Less well mechanistically defined aspect of the cytopathology induced by lysosomotropic drugs is the non-specific inhibition of endocytosis as shown by the reduced uptake of bovine serum albumin and transferrin in vacuolar cells [12,28]. Secretion is inhibited as well in a non-specific manner [12]. Some lysosomotropic drugs alter lipid metabolism in a complex manner [4,33]. Thus, cholesterol ablation reduced the antiproliferative effect of 6 Et3N drugs on U937 cells; these agents produced a desynchronized mitotic arrest that evolved into apoptosis only at extreme drug concentrations [15].

2.5. Why Was the Life Cycle of SARS-CoV-2 Expected to Be Susceptible to Lysosomotropic Drugs?

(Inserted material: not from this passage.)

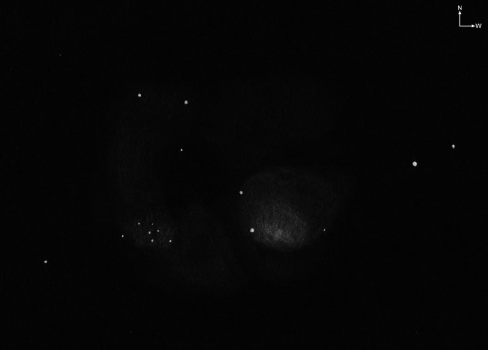 Messier 8: Mit UHC Filter. Westlich 6 Sgr ist der Nebel ziemlich hell und der zentrale Teil erscheint etwas elongiert O-W. Darum ist eine größere Nebelblase, gleichmäßig nach Außen auslaufend. Der Sternhaufen im Osten ist von einem schwachen Nebel umgeben. Zwischen Sternhaufen und dem hellsten Teil ist es dunkler aber nicht nebellos. Nördlich der Teilung befindet sich eine Dunkelwolke. Weiter nördlich ist diese von einem sehr schwachen Bogen umschlossen.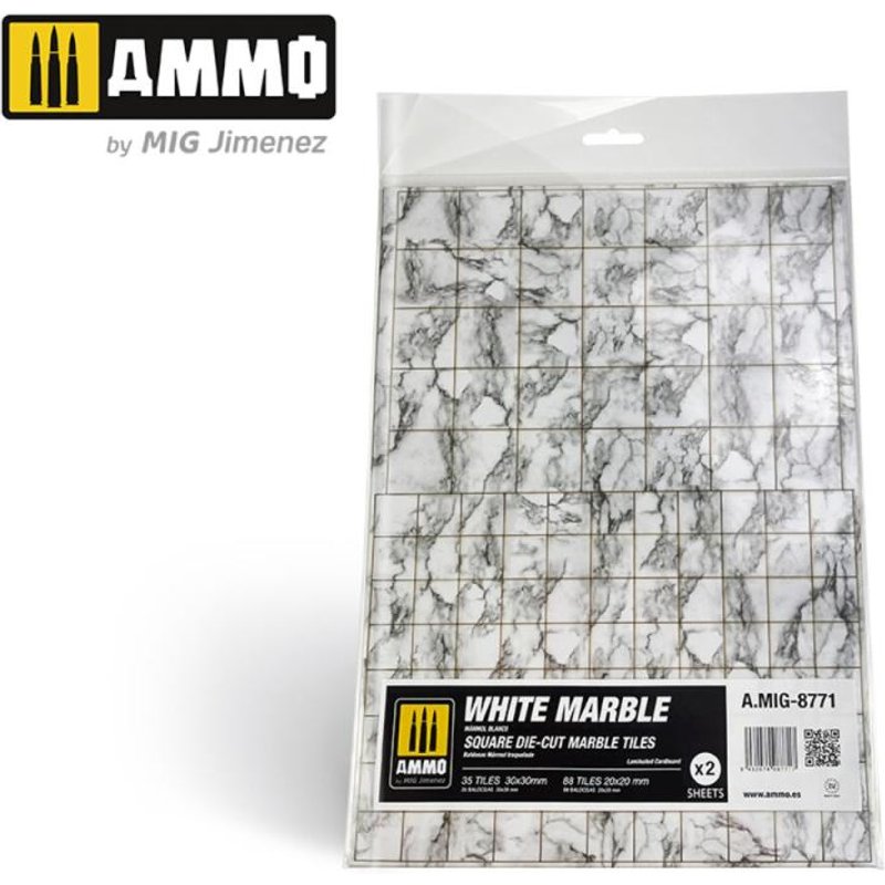 White Marble. Square Die-cut Marble Tiles - 2 pcs

The coronavirus SARS-CoV-2 possess a single-stranded RNA genome within a membrane that is associated with several types of proteins encoded by this genome [34]. The spike protein protruding from the viral surface binds to the ectopeptidase ACE2 expressed at the surface of pulmonary epithelial cells leading to the endocytosis of the viral particle [34]. Proteolytic cleavage of the S protein is needed to permit endocytosis. The serine protease TMPRSS2 participates to this step at the host cell surface, as well as cathepsins B and L within the endosome This is one step of the viral cycle that is potentially sensitive to lysosomotropic drugs, as they depress endocytosis. From the endosomes, the uncoated RNA is released into the cytosol where the viral genome is replicated and multiple types of viral proteins are synthetized. Viral replication organelles are then formed from the endoplasmic reticulum, interact with the Golgi and are released by exocytosis [34]. The pathway of cellular egress for SARS-CoV-2 and other β-coronaviruses is peculiar: the releasing organelles have been identified as deacidified lysosomes [35]. Their susceptibility to lysosomotropic drugs is therefore doubtful.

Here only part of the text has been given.